Question

An electron of charge $e$ moves in a circular orbit of radius $r$ around the nucleus at a frequency $v$ . The magnitude moment associated with the orbital motion of the electron is :
A. $\pi ve{r^2}$
B. $\dfrac{{\pi v{r^2}}}{e}$
C. $\dfrac{{\pi ve}}{{{r^2}}}$
D. \[\dfrac{{\pi e{r^2}}}{v}\]

Answer 1

Hint:We can find the relation between the magnetic moment and orbital motion of the electron by using the expressions for the current and magnetic moment of the electron. When an electron moves in a circular orbit around the nucleus it generates some current that appears in the magnetic dipole moment.

Complete step by step answer:
We are given that, an electron of charge $e$ moves in a circular orbit of radius $r$ around the nucleus at a frequency $v$ , the electron produces current as
$I = \dfrac{e}{T}$
Where, $e$ - charge on electron
And $T$ - time period of the circular motion of electron
The frequency is given as $v = \dfrac{1}{T}$
So, $I = ev - - - - - - - - - - (1)$
Now, the magnetic moment associated with the electron is given by
$M = I \times A$
Where, $I$ - current and $A$ - area of the circular loop
$M = I \times \pi {r^2} - - - - - - - - - - - (2)$
Here, $A = \pi {r^2}$
Thus, Substituting eq $(1)$ in eq $(2)$ , we get
$M = ev \times \pi {r^2}$
$\therefore M = \pi ve{r^2}$
This is the magnitude moment associated with the orbital motion of the electron.

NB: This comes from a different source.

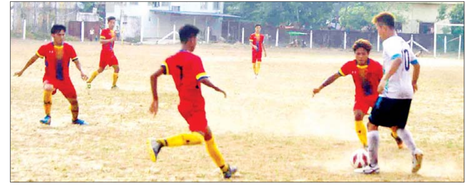
အောင်မြို့နယ် ဘောလုံးအသင်းနှင့် အမ်းမြို့နယ် ဘောလုံးအသင်းတို့ ယှဉ်ပြိုင်ကစားကြ ဧပြီ ၂၆ ရက်တွင် ကျင်းပမည် သည်။ ဗိုလ်လုပွဲနှင့် ဆုပေးပွဲကို ဖြစ်ကြောင်း ခရိုင်အားကစားနှင့်

ကျောက်ဖြူခရိုင်အတွင်းရှိ မြို့နယ်များဖြစ်သော ကျောက်ဖြူမြို့နယ်၊ မာန်အောင်မြို့နယ်၊ အမ်းမြို့နယ်နှင့် ရမ်းဗြဲမြို့နယ်စသည့် လေးမြို့နယ်မှ ဘောလုံးအသင်း လေးသင်းတို့ ပါဝင်ယှဉ်ပြိုင်ကြမည်ဖြစ်ပြီး ပထမပွဲစဉ်အဖြစ် နံနက် ၈ နာရီတွင် ကျောက်ဖြူမြို့နယ် ဘောလုံးအသင်းနှင့် ရမ်းဗြဲမြို့နယ် ဘောလုံးအသင်း၊ ဒုတိယပွဲစဉ်အဖြစ် ညနေ ၄ နာရီတွင် မာန်

Hence, option A is correct.

Note: As the electron is negatively charged, the direction of the magnetic moment is into the plane of paper and negatively charged electrons moving in an anticlockwise direction, giving rise to the clockwise current. The magnetic dipole moment is also defined as the current flowing through the bar magnet through the area of the bar magnet.